Planting yourselves in His house gives you a firm foundation you place your relationship on. The church surrounds you both with people who are there to keep you accountable, encourage you and build you up.
The church helps you not to isolate as a couple. Just because you’re in a relationship doesn’t mean that you can’t sustain your friendships! Being at church every Sunday gives you that time to build your friendships. It gives you opportunities to hang out and meet new people. It enlarges your world.
Of course it goes without saying that sustaining a relationship is difficult – regardless of being planted in the church – we all have uphill battles to climb, and climbing them as a couple can be truly testing.
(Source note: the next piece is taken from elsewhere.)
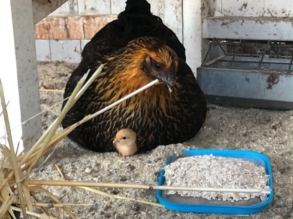 McNugget med sina sjulingar sprätte runt för fullt och kom glatt och åt lite havregryn jag kastade till dem. Fjädrarna håller på att växa ut, alltid lika spännande att se vad det blir för färg på dem. Håller tummarna hårt att den svarta är en höna!

But I believe that having your relationship built within the church can help you in those difficult seasons. The church keeps your feet steady – so when trouble comes and life feels heavy and dark, you both know what to do and Who to look to. You can walk through the darkest valley, with Jesus right in front of you.
Bradley and I have seen the endless blessings from making church a priority in our relationship, and now our marriage. I have seen those same blessings in other marriages too – my parents, parents-in-law, pastors and so many couples within the church. I don’t believe it’s a coincidence that they have happy, healthy and thriving marriages and that they’re planted in the church. It’s a blessing that comes from it. A promise of flourishing that comes from staying faithful to His law.